The War Office offered grants to support care of the war wounded, but voluntary hospitals were concerned that accepting government money would be a threat to their independence. Hospitals also feared that if the public saw them accepting money from the state, it would discourage the charitable donations they relied on.

The King’s Fund shared these concerns. In 1915, the Fund’s Executive Committee debated the issue of voluntary hospitals receiving state grants (p7, 9). In the end, the Fund concluded that hospitals could accept government payments without damaging the voluntary system as long as the money was for services rendered (p 80).
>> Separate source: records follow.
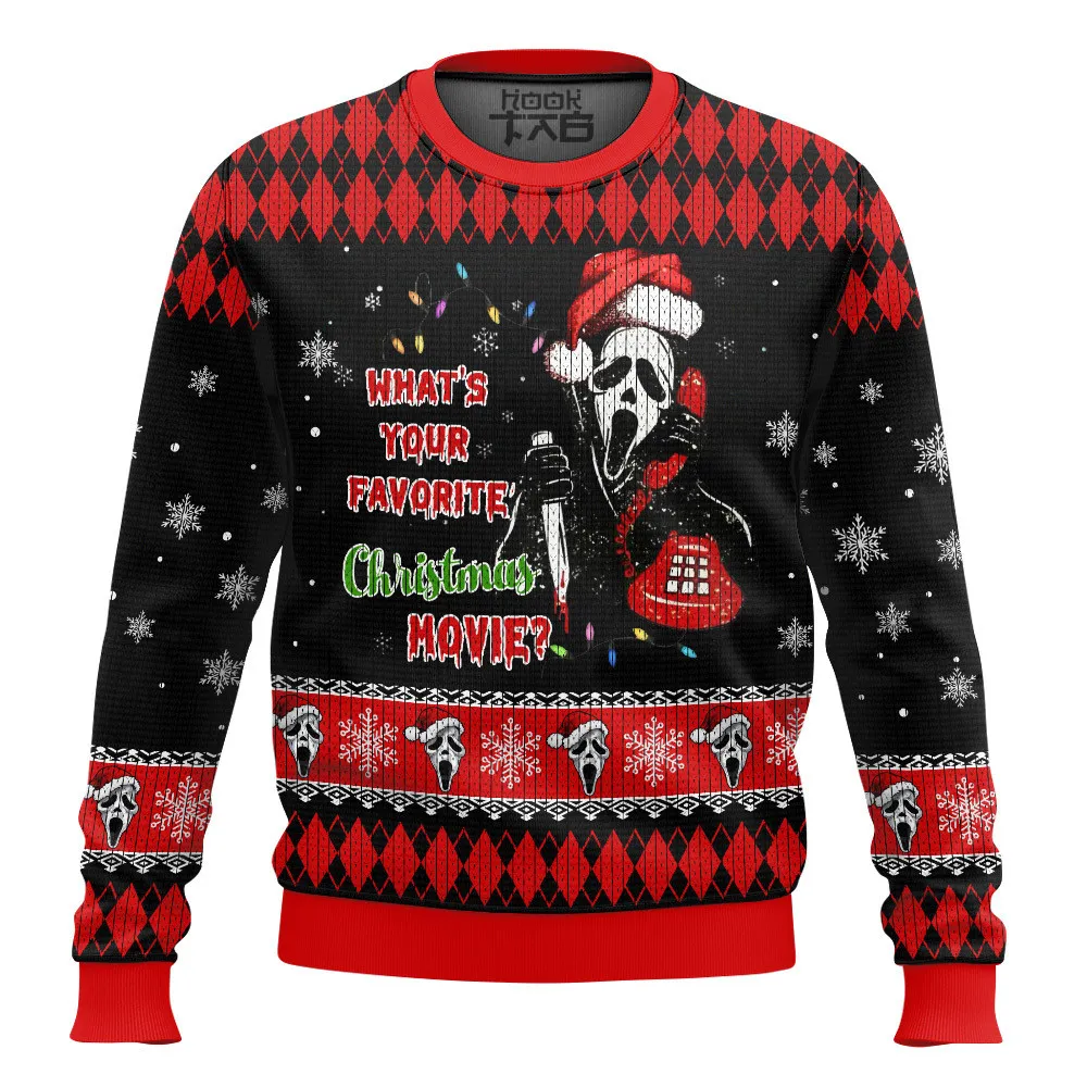 A bold black and red Christmas sweater featuring a spooky Ghostface design with the phrase “What’s Your Favorite Christmas Movie?”, blending festive cheer with horror-inspired style.
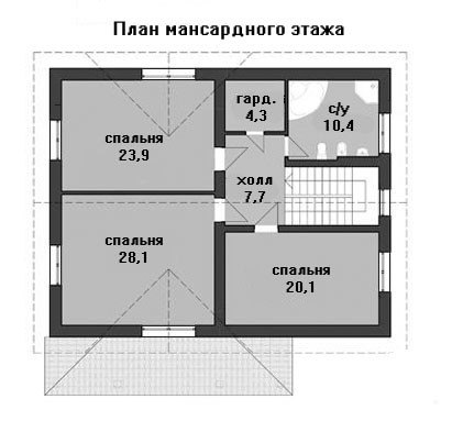 Второй этаж по плану предлагает три довольно больших спальных комнаты размером 20,1 кв. м., 23,9 кв. м. и 28,1 кв. м. Так же на втором этаже проектом запланирована общая гардеробная площадью 4,3 кв. м. и дополнительный большой санузел - 10,4 кв. м.
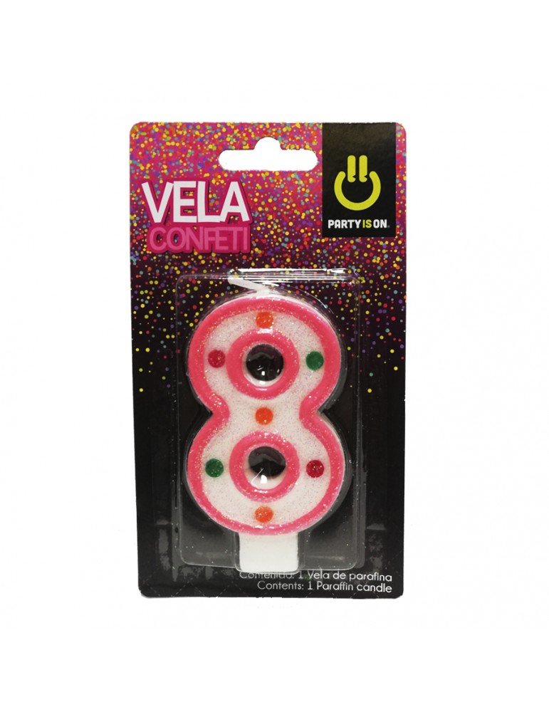 VELA NUMERICA CONFETTI ROSA #8 BLC/1PZ X/12
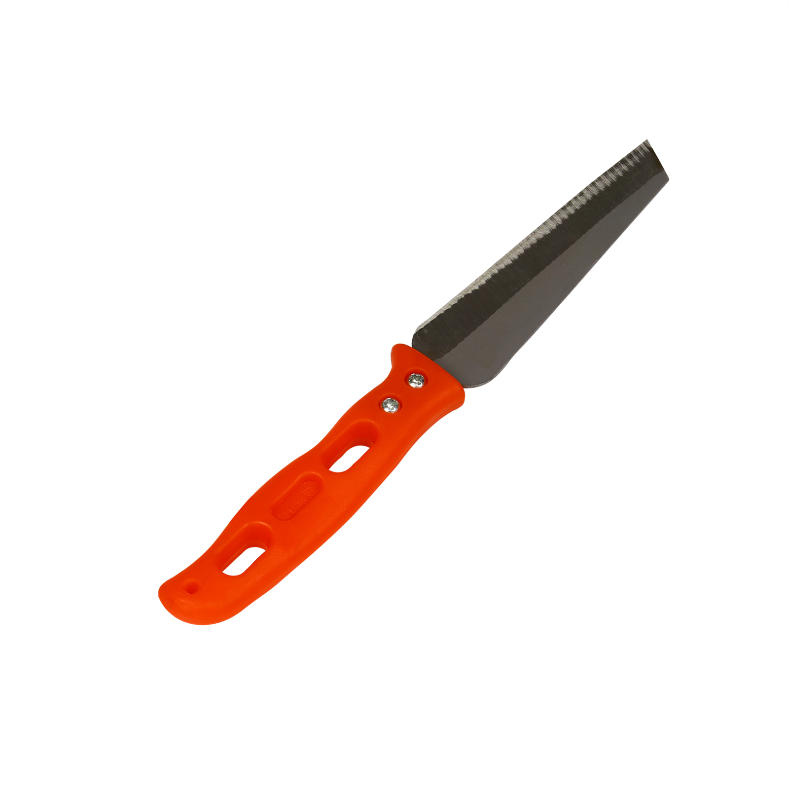 Нож садовый, 23 см, с пластиковой ручкой. Этот компактный садовый нож создан для работы с деревом и позволяет легко справляться с обрезкой мелких веток, срезкой цветов, а также проведением прививок. Прививка — это перенесение части одного растения на другое. Они срастаются, и получается новый цельный организм. Такая процедура поможет получить понравившийся сорт на своём участке. Обычный кухонный нож не подойдёт для такой тонкой работы: его лезвие недостаточно острое. Малейший изгиб испортит качество среза. Тут нужен специальный инструмент, такой как садовый нож. Особая форма лезвия и специальная заточка сделают ровный срез. Ключевые особенности и преимущества Удобная пластиковая ручка надежно фиксируется в руке, снижая усталость при длительной работе.Острое металлическое лезвие обеспечивает точные и аккуратные разрезы.Идеален для проведения прививок садовых деревьев.Яркие цвета не позволят инструменту затеряться в траве.Таким инструментом вы сможете: обрезать живые или повреждённые участки древесины;удалить ненужные молодые побеги;срезать тонкие ветки декоративных кустов и деревьев, ботву;зачистить раны, которые остались после отпиливания толстых сучьев;вырезать шип;подготовить черенок к прививанию;срезать цветы или овощи.Использование и уход По завершении работы протрите лезвия мягкой сухой тканью и смажьте специальным маслом. Это поможет продлить срок службы изделия. Следите за остротой лезвий и своевременно их затачивайте. Острые хорошо наточенные лезвия дают чистый ровный срез. Это очень сильно влияет на эффективность и продолжительность работы. Тупые лезвия могут травмировать ветки, которые потом будут долго заживать. Важно Храните инструмент в местах недоступных для детей, чтобы они случайно не поранились сами и не поранили других. Цвет:Красный|Цвет:Серый|Длина, см:23|Материал ручки:Пластик|Тип ножа:Садовый|Применение:Дерево|Материал лезвия:Металл|Страна:Китай  развернуть описание ▼

In addition to the issue of accepting state funding, voluntary hospitals suspected that the grants from the War Office did not cover the actual costs of providing care. The King’s Fund’s analysis of London voluntary hospital expenditure for 1918 confirmed this. It reported that gross expenditure of London’s voluntary hospitals for that year was just under £2 million, representing a 41 per cent increase in spending between 1913 and 1918 (p 80). The 1920 report calculated that the total additional expenditure by London voluntary hospitals for war casualties amounted to £515,000 (p 261). War Office grants went some way to covering these costs, but the voluntary hospitals had to cover the rest through increased fundraising and donations.

Many hospitals were in deficit as a consequence of the war. In 1919 The King’s Fund contributed £250,000 as an ‘emergency distribution’ across London voluntary hospitals (p 258). How the Fund tackled this urgent need to raise more money will be explored in our next blog in this series.